In "normalen" Jahren drängeln sich in den engen Gassen der Altstadt Jerusalems um diese Jahreszeit die Gläubigen der drei großen Schriftreligionen: die Christen auf der via dolorosa, von denen mancher Holzkreuz und Dornenkrone vom Garten Gethsemane zur Grabeskirche trägt. Muslime kreuzen den Weg, um während des Ramadan zum Gebet zur Al-Aqsa Moschee auf dem Tempelberg zu kommen und die Kinder freuen sich schon auf das große Fastenbrechen, das Zuckerfest. Juden aller Frömmigkeitsgruppen laufen mit Hut und Gebetsmantel in Richtung Klagemauer, denn es ist Purim und bald Pessach, das große Fest des Gedenkens der Befreiung aus der Sklaverei. Und überall dazwischen: schwer bewaffnete Soldaten und Polizei, die darauf achten, dass alles friedlich bleibt und keine fanatischen Spinner Unsinn machen... 

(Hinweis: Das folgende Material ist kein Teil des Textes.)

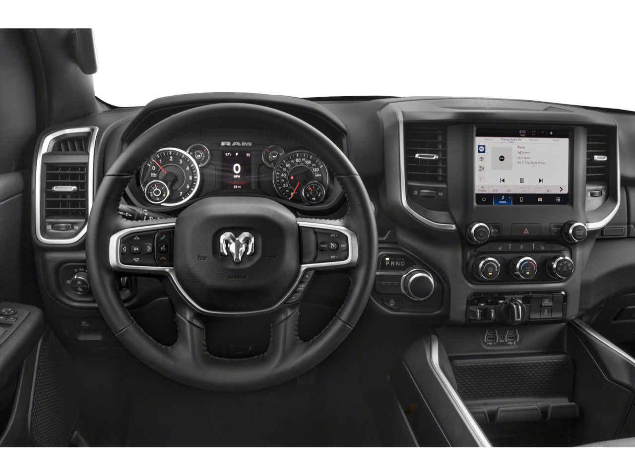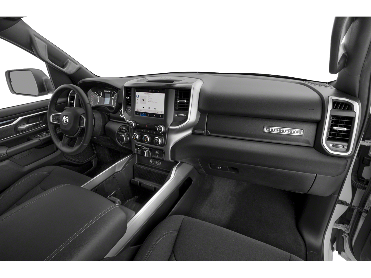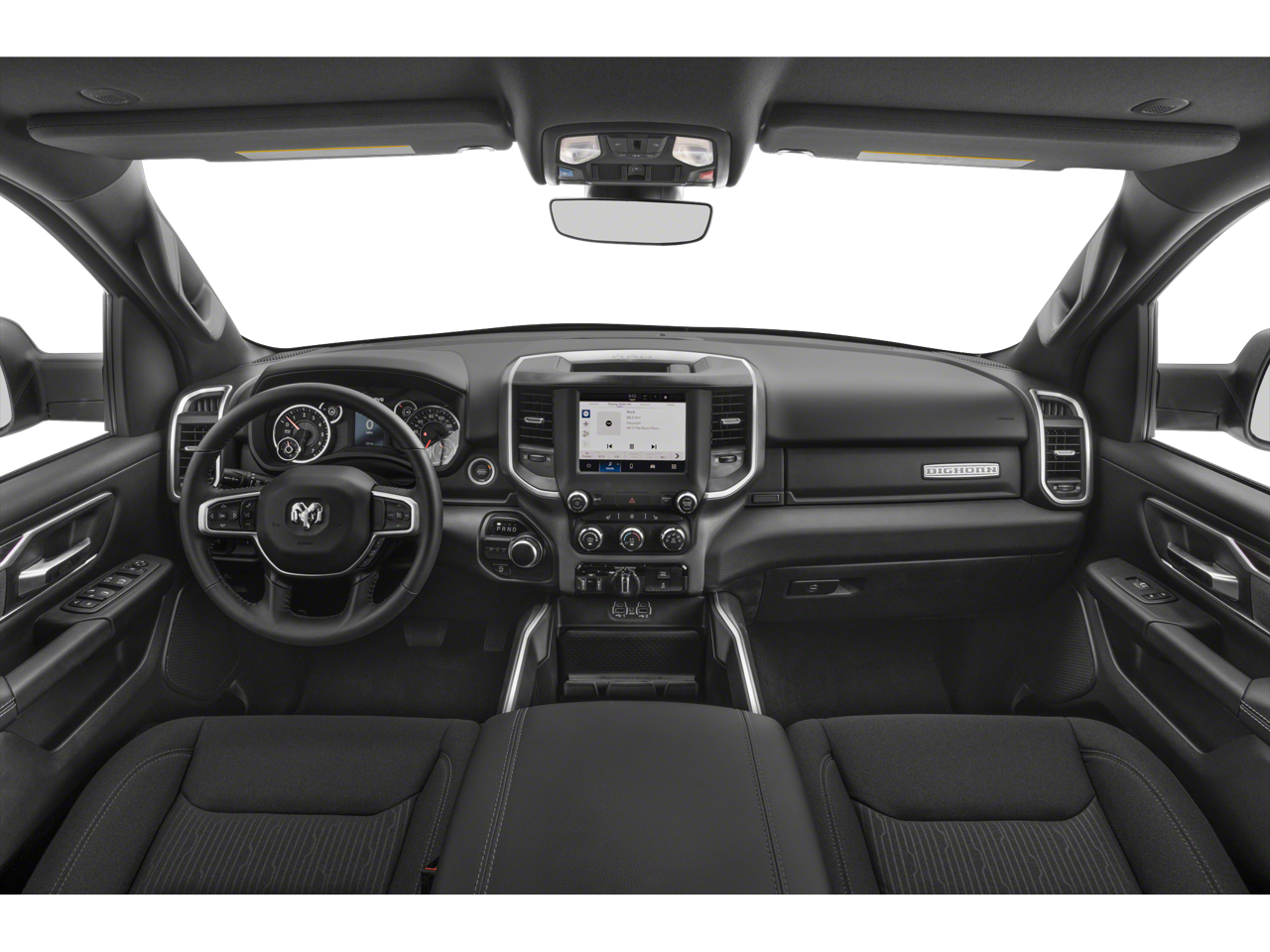 Below is all the standard equipment Big Horn Level B Equipment Group (115V Auxiliary Power Outlet, 2nd Row In Floor Storage Bins, 400W Inverter, 4G LTE Wi-Fi Hot Spot, 9 Amplified Speakers w/Subwoofer, Air Conditioning ATC w/Dual Zone Control, All R1 High Radios, All Radio Equipped Vehicles, Apple CarPlay, Auto-Dimming Exterior Driver Mirror, Auto-Dimming Rear-View Mirror, Black Premium Power Mirrors, Class IV Receiver Hitch, Cluster 7.0 TFT Color Display, Connected Travel & Traffic Services, Connectivity - US/Canada, Convex Wide-Angle Exterior Mirror Insert, Exterior Mirrors Courtesy Lamps, Exterior Mirrors w/Heating Element, Exterior Mirrors w/Supplemental Signals, For Details, Visit DriveUconnect.com, For More Info, Call 800-643-2112, Front Fog Lamps, Global Telematics Box Module (TBM), Glove Box Lamp, Google Android Auto, GPS Navigation, HD Radio, Heated Front Seats, Heated Steering Wheel, Integrated Voice Command w/Bluetooth®, LED Footwell Lighting, Media Hub w/2 Charge Only USBs, ParkSense Front/Rear Park Assist w/Stop, Power 2-Way Driver Lumbar Adjust, Power 8-Way Driver Seat, Power Adjustable Pedals, Power-Folding Mirrors, Radio: Uconnect 5 Nav w/12.0 Display, Rear Dome w/On/Off Switch Lamp, Rear Power Sliding Window, Rear Window Defroster, Remote Start System, Security Alarm, SiriusXM Radio Service, SiriusXM Satellite Radio, SiriusXM w/360L, Sun Visors w/Illuminated Vanity Mirrors, Universal Garage Door Opener, and USB Host Flip), Night Edition (3 Rear Seat Head Restraints, 4 Way Front Headrests, Accent Color Door Handles, Accent Color Premium Power Mirrors, Anti-Spin Differential Rear Axle, Black Exterior Truck Badging, Black Headlamp Bezels, Black Interior Accents, Black Painted Exterior Mirrors Caps, Body Color Front Bumper, Body Color Rear Bumper w/Step Pads, Bucket Seats, Deluxe Cloth Bucket Seats, Dual Exhaust w/Black Tips, Front Seat Back Map Pockets, Full Length Floor Console, Grille Surround 1 Black Texture 2 Black, Manual Adjust 4-Way Front Passenger Seat, RAM Grille Badge - Black, Rear 60/40 Folding Seat, Rear Center Armrest, and Wheels: 20 x 9.0 Premium Paint/Polished), Quick Order Package 23Z Big Horn (Big Horn Badge), 3.21 Rear Axle Ratio, 4-Wheel Disc Brakes, 48V Belt Starter Generator, 6 Speakers, ABS brakes, Air Conditioning, Alloy wheels, AM/FM radio, Blind Spot & Cross Path Detection, Brake assist, Bumpers: chrome, Cloth Bench Seat, Compass, Delay-off headlights, Driver door bin, Dual front impact airbags, Dual front side impact airbags, Electronic Stability Control, Emergency communication system: RAM Connect, Front anti-roll bar, Front Center Armrest w/Storage, Front reading lights, Front wheel independent suspension, Fully automatic headlights, Heated door mirrors, Illuminated entry, Leather steering wheel, LED Taillamps, Low tire pressure warning, Occupant sensing airbag, Outside temperature display, Overhead airbag, Overh

In diesem Jahr ist es dagegen ziemlich ruhig in den Gassen - sogar gespenstisch ruhig. An machen Tagen singt nicht einmal der Muezzin, wie uns Freunde berichten. Die Zeiten sind nicht "normal". 

Trotzdem laden die Jerusalemer Christen auch in diesem Jahr am Ostermontag zum Gang von Jerusalem nach Emmaus ein. Obwohl noch nicht klar ist, ob sie auf der 30 km langen Strecke durch alle Checkpoints gelassen werden oder womöglich irgendwo wieder umkehren müssen. 

"Trotzdem"... das ist das große, trotzige Wort der Christen in dieser wirren Zeit. 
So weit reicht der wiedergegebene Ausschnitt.